■ GIVEN RECORDS ■

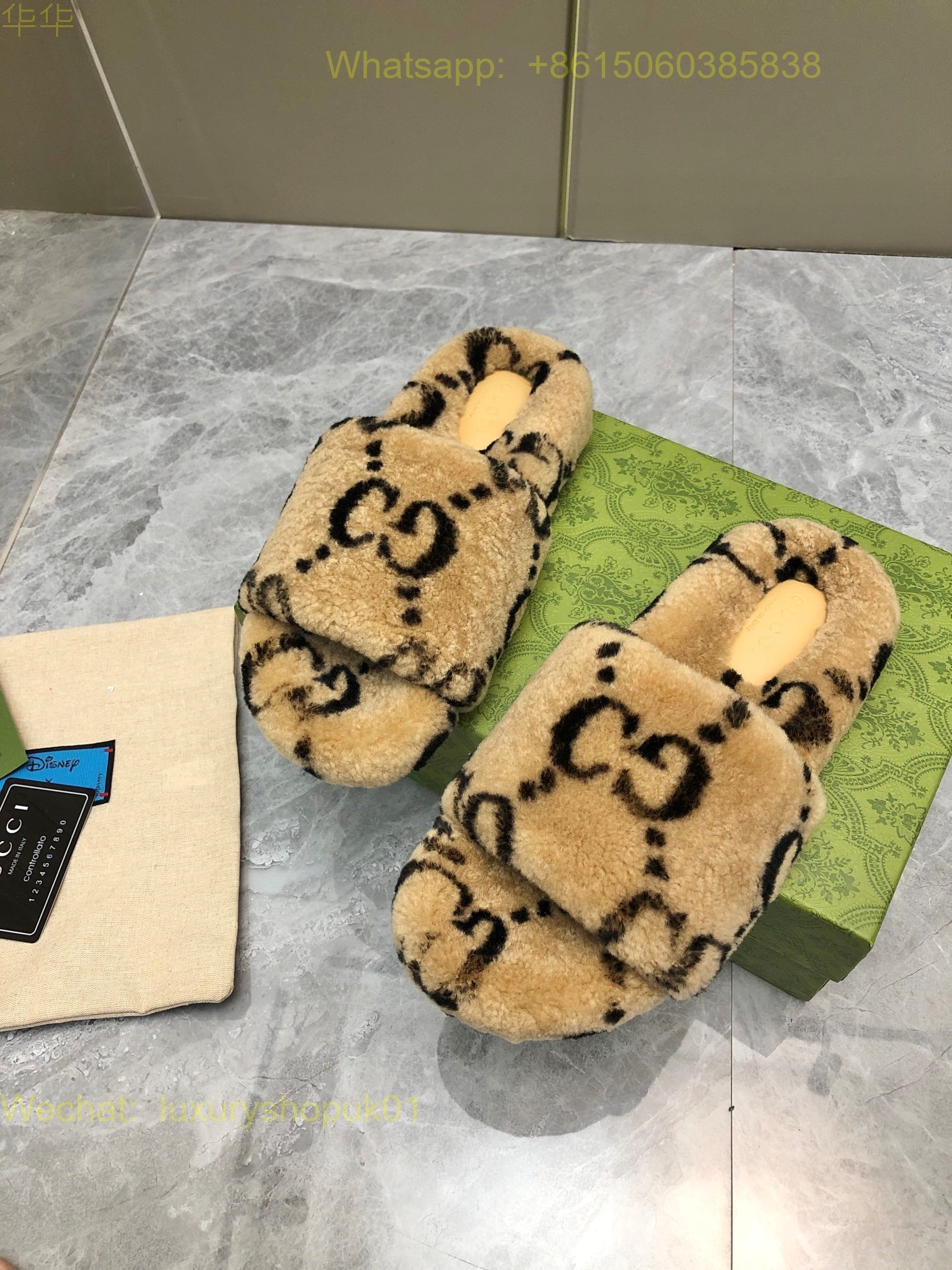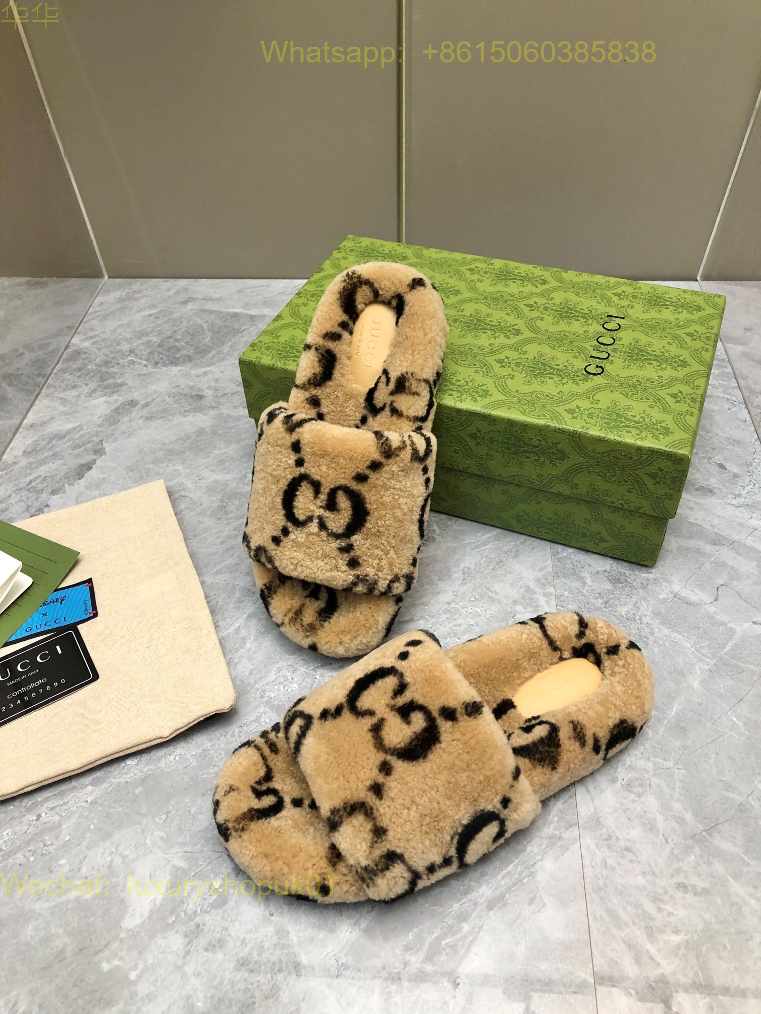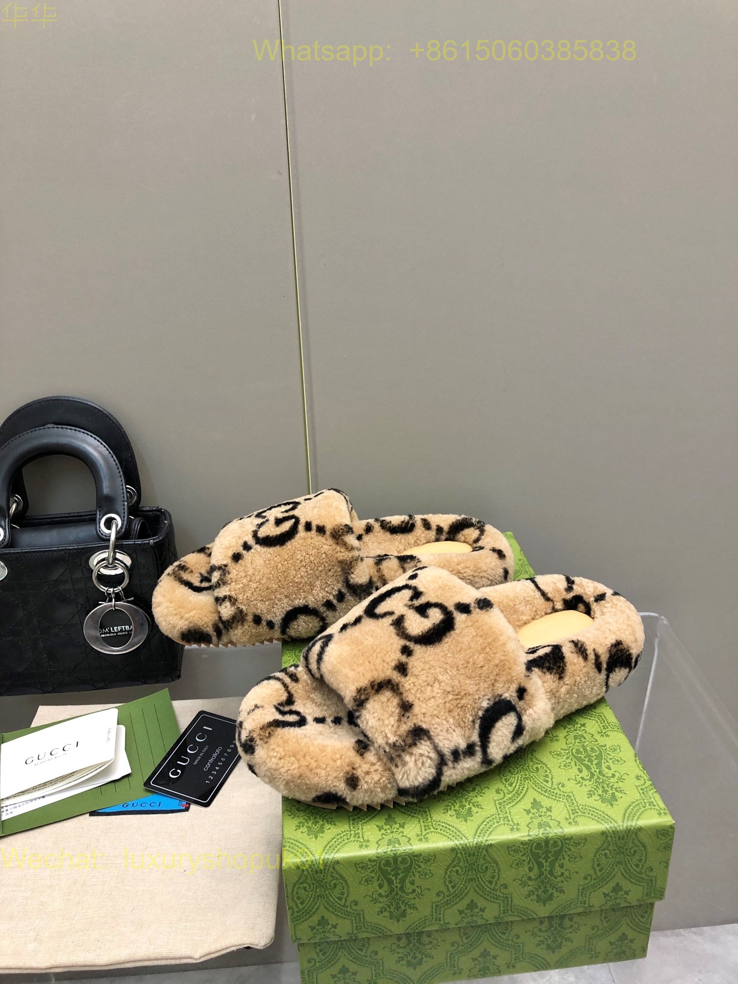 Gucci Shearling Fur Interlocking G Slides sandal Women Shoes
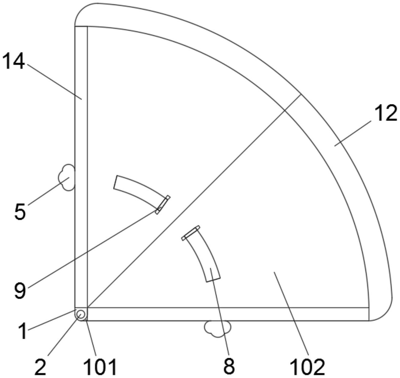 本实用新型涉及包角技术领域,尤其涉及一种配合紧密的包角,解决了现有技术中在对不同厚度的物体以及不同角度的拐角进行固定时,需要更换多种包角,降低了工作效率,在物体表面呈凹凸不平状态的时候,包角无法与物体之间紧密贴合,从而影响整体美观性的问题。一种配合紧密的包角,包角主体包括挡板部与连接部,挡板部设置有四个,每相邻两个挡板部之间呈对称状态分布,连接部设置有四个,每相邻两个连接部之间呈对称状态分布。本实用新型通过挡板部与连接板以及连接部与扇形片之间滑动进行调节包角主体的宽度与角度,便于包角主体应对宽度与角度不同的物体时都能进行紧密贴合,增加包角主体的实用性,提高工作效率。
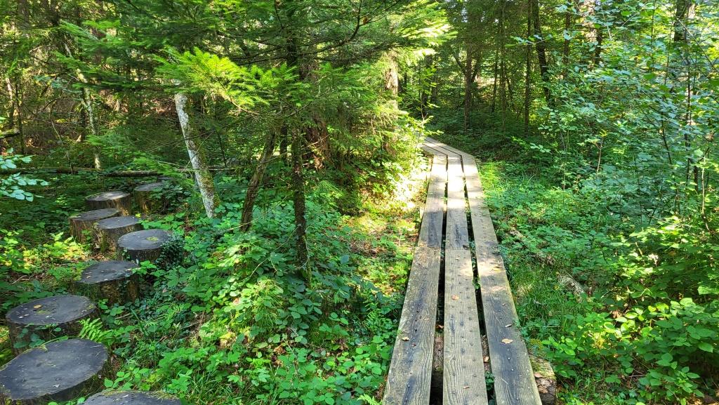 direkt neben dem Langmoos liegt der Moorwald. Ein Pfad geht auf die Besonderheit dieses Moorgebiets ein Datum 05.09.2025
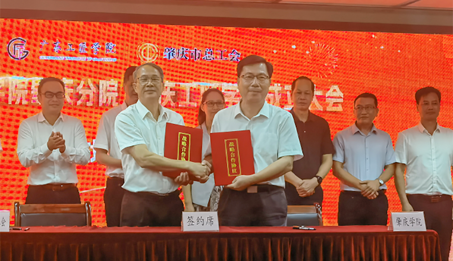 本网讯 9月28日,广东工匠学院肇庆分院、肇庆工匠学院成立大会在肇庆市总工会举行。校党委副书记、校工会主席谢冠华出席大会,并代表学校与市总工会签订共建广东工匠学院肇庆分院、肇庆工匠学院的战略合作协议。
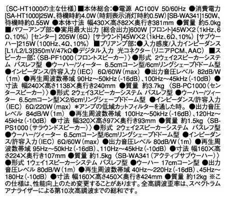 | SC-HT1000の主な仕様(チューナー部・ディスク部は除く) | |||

■ WHAT YOU HAVE TO DO ■
Copy out all the entries exactly. Images stay out of the copy.

■ RESPONSE AREA ■
 Gucci Shearling Fur Interlocking G Slides sandal Women Shoes
 本实用新型涉及包角技术领域,尤其涉及一种配合紧密的包角,解决了现有技术中在对不同厚度的物体以及不同角度的拐角进行固定时,需要更换多种包角,降低了工作效率,在物体表面呈凹凸不平状态的时候,包角无法与物体之间紧密贴合,从而影响整体美观性的问题。一种配合紧密的包角,包角主体包括挡板部与连接部,挡板部设置有四个,每相邻两个挡板部之间呈对称状态分布,连接部设置有四个,每相邻两个连接部之间呈对称状态分布。本实用新型通过挡板部与连接板以及连接部与扇形片之间滑动进行调节包角主体的宽度与角度,便于包角主体应对宽度与角度不同的物体时都能进行紧密贴合,增加包角主体的实用性,提高工作效率。
 direkt neben dem Langmoos liegt der Moorwald. Ein Pfad geht auf die Besonderheit dieses Moorgebiets ein Datum 05.09.2025
 本网讯 9月28日,广东工匠学院肇庆分院、肇庆工匠学院成立大会在肇庆市总工会举行。校党委副书记、校工会主席谢冠华出席大会,并代表学校与市总工会签订共建广东工匠学院肇庆分院、肇庆工匠学院的战略合作协议。
 | SC-HT1000の主な仕様(チューナー部・ディスク部は除く) | |||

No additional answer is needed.